Crowdcube another equity crowdfunding platform, sees the potential of crowdfunding as even greater than that. It could end up replacing VC in many ways, says Luke Lang, co-founder of Crowdcube.
“My vision for Crowdcube is to make it the Google of SME [Small and Medium Enterprise] financing in the UK,” he says. “It’s already becoming one of the main ways to raise funds when it used to be considered a last resort just three years ago.”
It’s a disruption that is being repeated right across the globe, he adds. “The internet has democratised the process. Look at where you’re most likely to get success. If you can get on Crowcube, you’ve got a very strong chance of raising the money you’re after. Escape the City [a job site], turned down offers for investment in favour of using Crowdcube.”
Gonçalo de Vasconcelos, co-founder and chief executive officer (CEO) of Syndicate Room agrees that equity crowdfunding could spell an end to VC. “They charge ridiculous amounts and are a huge burden on entrepreneurs. In fact they often end up kicking out the entrepreneur at some point after they invest and they dilute the investment of any angel investor that came in before,” he says.
“From an investor perspective, a VC means you have a manager who will come in and decide what to invest in and take 25% for the privilege. You go crowdfunding and you can say: ‘So now I can invest in 10 companies instead of eight and choose what to invest in. I like this idea and this company, not so much this one,’” adds Tom Britton, co-founder and chief Technology Officer (CTO) at Syndicate Room.
But despite the positives, there are still worrying signs in the sector, says Vasconcelos.

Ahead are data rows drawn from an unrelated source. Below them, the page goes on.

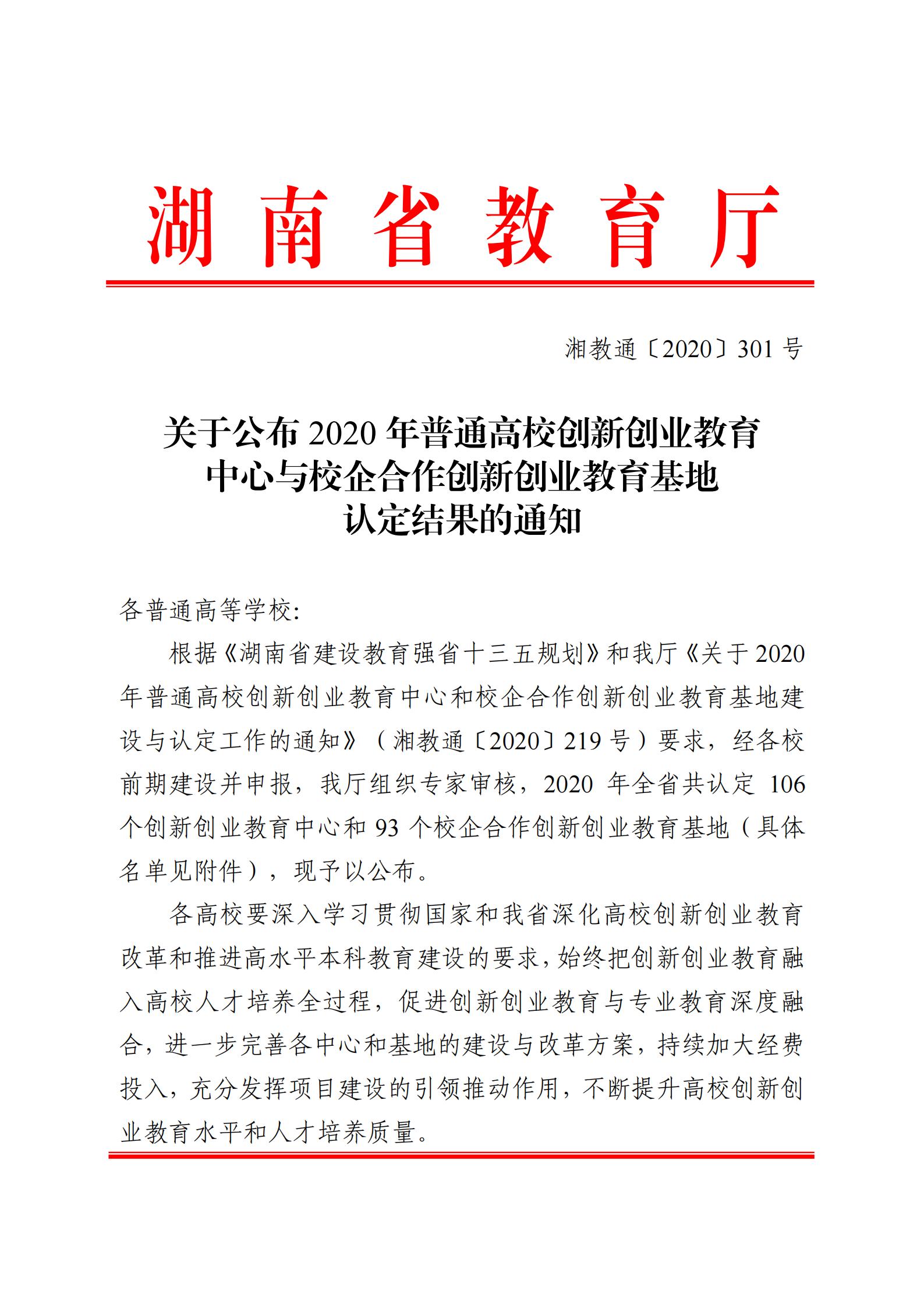 聂志军老师负责的“文科师范类专业创新创业教育基地”认定为湖南省2020年普通高校校企合作创新创业教育基地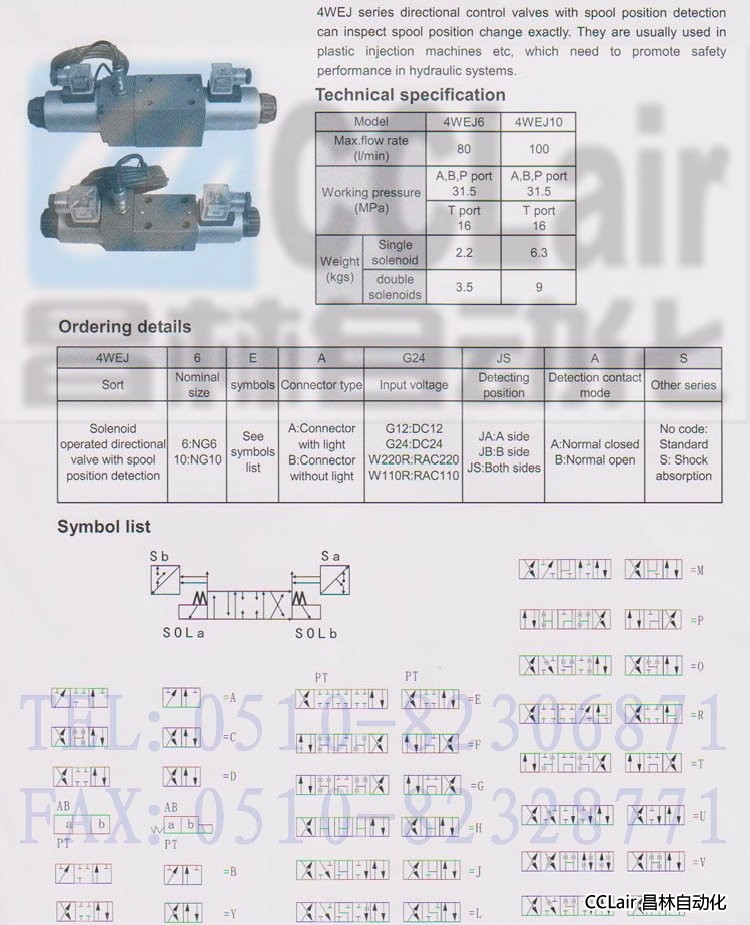 詳細信息 4WEJ6,4WEJ10,電磁換向閥
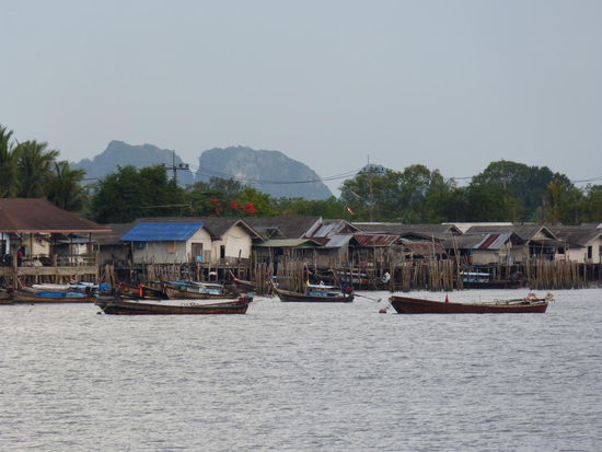 Wir sind wieder die Ersten, die abgeholt werden und entsprechend pünktlich steht man um kurz vor halb acht vor unserer Tür, bevor es, nach dem Einladen weiterer Gäste, nach Ao Nang geht. Nach dem Gepäckunterstellen schichtet man uns alle in einen wesentlich größeren, aber mit genauso unbequemen Holzbänken auf der Ladefläche ausgestatten LKW um, der uns zum Hafen bringt, bzw. dem Strandabschnitt, wo hunderte Boote vor Anker liegen, um die tausend und abertausend Touristen abzufertigen. Auch hier ist für Europäer gerade Nebensaison, weshalb gut und gerne achtzig Prozent unserer Gruppe Asiaten sind.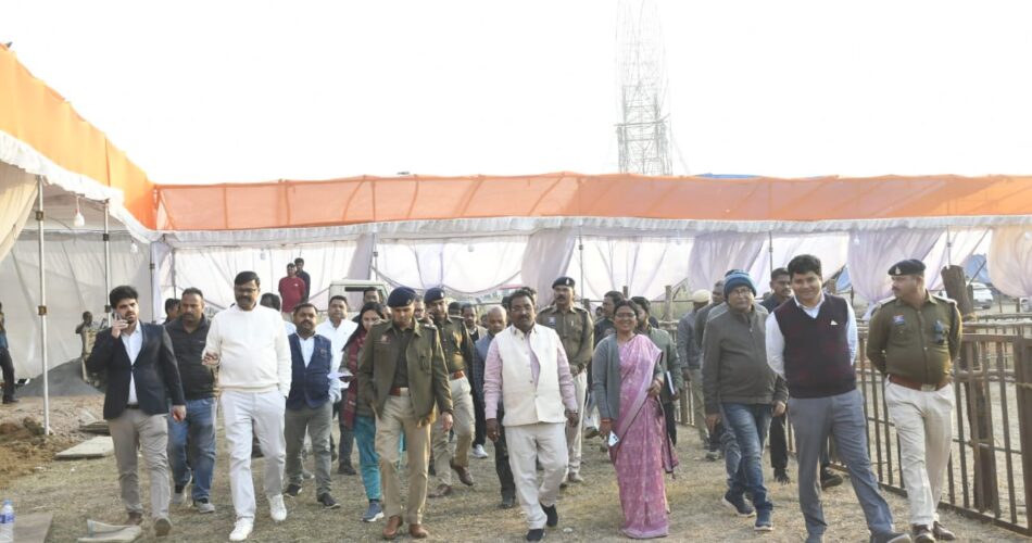 महोत्सव की तैयारियों का जायजा लेने सामरी विधायक श्रीमती उद्धेश्वरी पैकरा, कलेक्टर श्री राजेन्द्र कटारा, पुलिस अधीक्षक श्री वैभव बेंकर रमनलाल एवं वनमंडलाधिकारी श्री आलोक बाजपेयी, रेड क्रॉस सोसायटी अध्यक्ष श्री ओम प्रकाश जायसवाल, नगर पालिका उपाध्यक्ष श्री दिलीप सोनी सहित अन्य जनप्रतिनिधिगण, जिला पंचायत सीईओ एवं नोडल अधिकारी श्रीमती नयनतारा सिंह तोमर, अपर कलेक्टर एवं सहायक नोडल अधिकारी श्री अभिषेक गुप्ता मेला स्थल पहुँचे। निरीक्षण के दौरान उन्होंने मेला परिसर, तपेश्वर महादेव मंदिर, सामूहिक विवाह स्थल, लगाए जा रहे विभागीय स्टॉल, मुख्य मंच एवं बैठक व्यवस्था का अवलोकन किया। इस दौरान संबंधित अधिकारी-कर्मचारियों को सभी व्यवस्थाएं समयबद्ध, सुव्यवस्थित एवं सुरक्षित रूप से पूर्ण करने के आवश्यक दिशा-निर्देश दिए गए।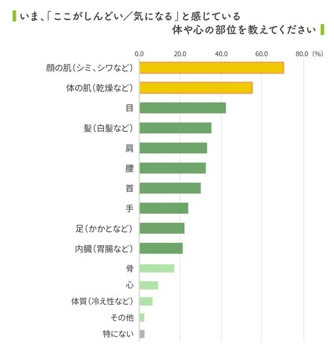 調査の結果、なんと約7割にあたる女性が、シミやシワといった肌トラブルが「しんどい」と答えています。さらに、「肩こりや首こりがひどくて頭痛が頻発している」「体が痛くて気持ちも落ち込んでいる」といった身体的な不調が、さらに心の健康にも悪影響を及ぼしているとの声が多く寄せられました。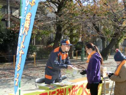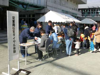 災害用伝言ダイヤル体験と、火育コーナー・警察PRコーナーです。ここでも、八幡山駐在所の武藤巡査部長さんにお手伝いいただきました。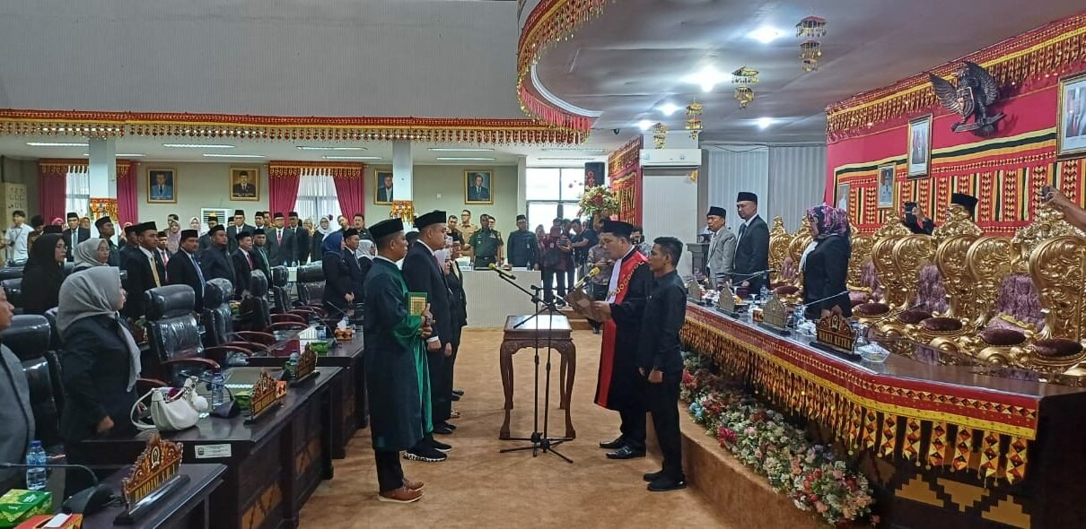 Pelantikan dan pengucapan sumpah pimpinan DPRD tesebut dipimpin langsung oleh Ketua Pengadilan Negeri Kalianda Kelas IB, Arizal Anwar, Bertempat di ruang Sidang utama Kantor DPRD setempat, Senin (14/10/2024).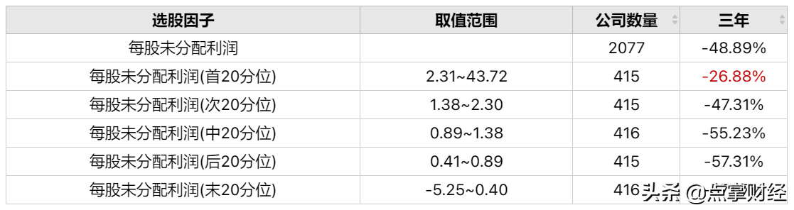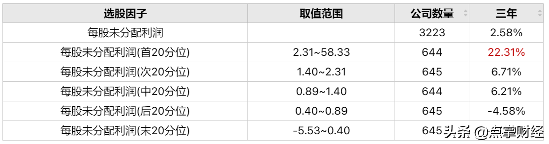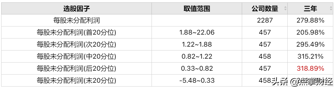 每股未分配利润是企业留待以后年度分配的结存利润累计额除以总股本得出来的,是公司今后扩大再生产或分红送股的重要物质基础。那么是不是每股未分配利润越多,股价涨幅越好呢?笔者将通过历史数据的回测来跟大家简单聊一聊。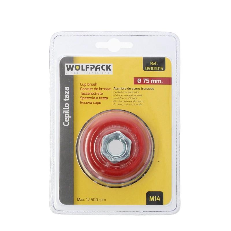 WOLFPACK PROFESSIONAL LINE - Cup Brush with Braided Steel Wire M14 Thread, Ø 75 Mm. Ø 0.50 Mm Wire.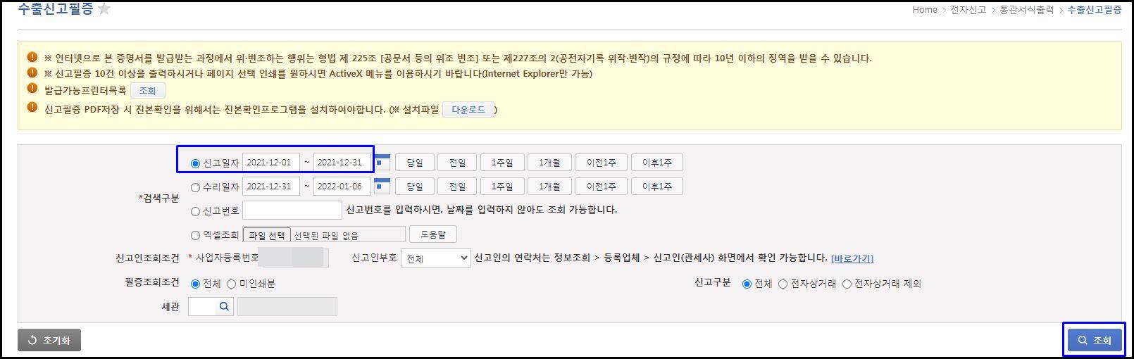 참고로 다운로드는 신고서나 필증이 엑셀로 보이는 게 아니라 화면에 보이는 신고번호, 신고일자 등의 내용들만 보입니다.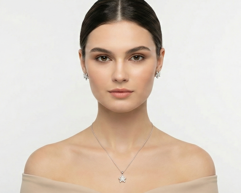 Coordinated Design Language: The set features a perfect 1:1 match between the pendant and the studs, ensuring a cohesive and polished aesthetic that frames the face and neckline with consistent brilliance.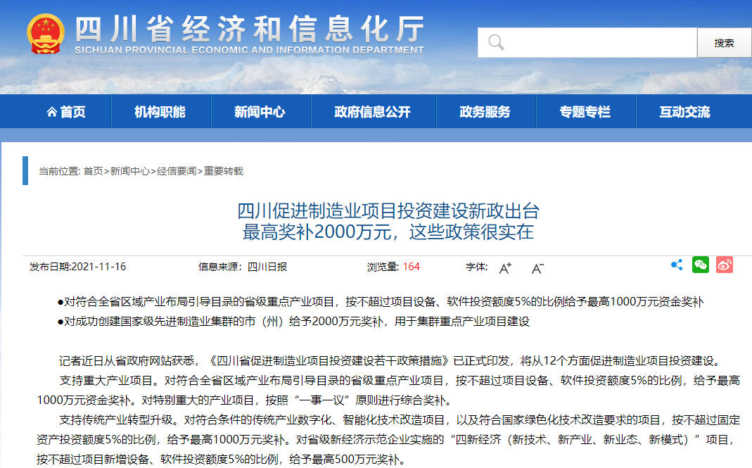 四川促进制造业项目投资建设新政出台 最高奖补2000万元,这些政策很实在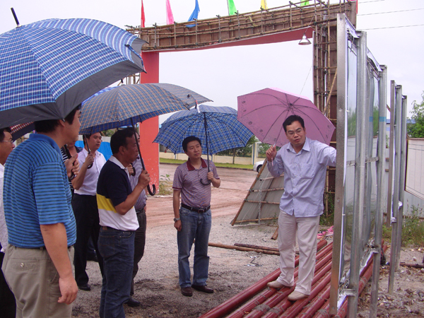 10月13日,張勇一行在廣州化學公司領(lǐng)導班子成員陪同下,赴南雄檢查廣州化學公司南雄材料生產(chǎn)基地(南雄基地)的建設(shè)工作。南雄市副市長何光明、呂道宏以及南雄精細化工園區(qū)的相關(guān)工作人員參加了接待。當天,恰逢南雄基地綜合樓封頂。張勇一行首先對建設(shè)工地現(xiàn)場的施工工藝、施工安全和施工管理進行了檢查和了解;隨后,聽取了施工單位、監(jiān)理單位和我公司駐地項目負責人的階段性工作匯報;王德瑞針對基礎(chǔ)建設(shè)工作提出了很多具體細致的要求:要求施工方、監(jiān)理方以及我公司駐地項目負責人依照法律、法規(guī)以及有關(guān)技術(shù)標準,履行相關(guān)職責和義務(wù),保證技術(shù)檔案和施工管理資料的完整性,確保施工的安全,保質(zhì)保量按期完工。張勇肯定了南雄基地的建設(shè)工作,他表示:希望南雄基地能進一步促進廣州化學公司的快速發(fā)展,同時為南雄的產(chǎn)業(yè)升級服務(wù)。

Rampant growth in site number and the potential for unchecked unscrupulous sites could end up damaging the reputation of crowdfunding – potentially beyond repair. “You look at the number of deals going on across the UK alone, there is no way there are that many good companies and investments,” he explains. “It’s just a matter of statistics. Are they just churning out deals for the sake of it? It could be a numbers game – the more they get funded, the better for them.”
The trouble is that it is easy to find entrepreneurs that need money, it is much harder to find entrepreneurs worthy to take your money, he adds. If horror stories start emerging about investors losing significant amounts in deals gone bad, it could be extremely damaging to the sector, he says.
“You have to think that there are lots of people looking for money, but how many of them deserve it? And work from there,” agrees Britton.
And on the flip-side, there are concerns from entrepreneurs and later-stage investors about crowdfunded businesses. For one, there is not a single person that can be held accountable if it goes wrong, a business goes bankrupt and investors all lose their money, says Mark Payton, managing director of Mercia Fund Management.”There’s no one putting their name next to it and being able to claim the glory if it does well but be fingered if it doesn’t,” he adds.
Equally crowdfunded business can have too many stakeholders for secondary financiers. VCs and other forms of secondary finance like a nice simple share structure and decision route, he says. “Having multiple share-holders can make it difficult for an institutional investment fund to follow its money through,” Payton adds.
Although some sites, such as Seedrs, have put in place models to take care of this exact problem, many others will leave a business without a secondary funding option – putting it in jeopardy of not being able to expand. This could be a problem as the industry continues to look for successful exit stories.
For now, crowdfunding remains a new innovation with many questions facing it. First adopters are likely to continue to test it out but they should make sure they tread carefully, consider all scenarios fully and read the fine print.